There are no such things any more as overtly recognized racial smears, at least not in the absolute sense. They now depend on perceptions of who says what and why, a relative condition. The country is obsessed with decoding a scratchy tape to ascertain whether Mr. Zimmerman said “cold, coons, goons, or punks,” with the idea that if the garbled word proves a racial slur, then we have the magical key that will supposedly unlock the case -- even as the late Travyon Martin self-identified himself with the N-word on his Twitter account and used it of his friends. No one can explain why Mr. Martin felt a need to so self-identify; no one seems to care; and no one can provide rules of the conditions under which (who says it, and when, why, how) society must deplore the use of such an epithet.

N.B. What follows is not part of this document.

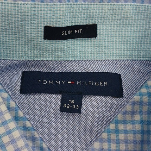 как выглядит Tommy Hilfiger Button Down Shirt Blue Plaid Long Sleeve Slim Fit Mens Size 16 фото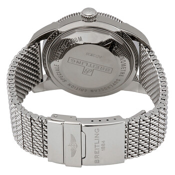 Stainless steel case with a stainless steel mesh bracelet. Uni-directional rotating coin edge stainless steel bezel with a blue ceramic (count-up elapsed time) top ring. Blue dial with luminous silver-tone arrow-shaped hands and index hour markers. Minute markers around the outer rim. Dial Type: Analog. Luminescent hands and markers. Date display at the o'clock position. Breitling calibre 20 automatic movement, based upon Tudor MT5612, containing 28 Jewels, bitting at 28800 vph, and has a power reserve of approximately 70 hours. Scratch resistant sapphire crystal. Screw locked crown. Solid case back. Round case shape. Case size: 46 mm. Case thickness: 15 mm. Band width: 24 mm. Fold over clasp with a safety release. Water resistant at 200 meters / 660 feet. Functions: date, hour, minute, second. Superocean Heritage II Series. Luxury watch style. Watch label: Swiss Made. Item Variations: AB202016-C961-152A. Breitling Superocean Heritage II Automatic 46 mm Blue Dial Men's Watch AB2020161C1A1.

The writer is voicing a very familiar conservative complaint: Why do black people get to use the N-word and white people can't? If a word is bad one time, shouldn't it be bad all the time? Before you get too mad, keep in mind that Victor Davis Hanson is not alone. Dr. Laura asked the same question a couple years ago, though she made the mistake of doing so by saying the n-word a whole bunch of times. If you type "Can I say the…" in Google, the most popular search suggestion is "n-word," followed by the Lord's prayer and some pop song titles. In fact, a Google search of "Can I say the n-word?" is quite helpful, and Hanson should have tried it. There are tons of guides for white folks, offered by earnest writers for NPR and Time and tons of funny comedians. There's a whole book about it! We'd say the rules are pretty clear: if you're white, don't use the N-word. But even if Hanson thinks there's some blurriness left, there's a really, really clear-cut situation when you should not say the N-word, or any other racial slur, is when you're considering shooting an unarmed teenager who happens to be black.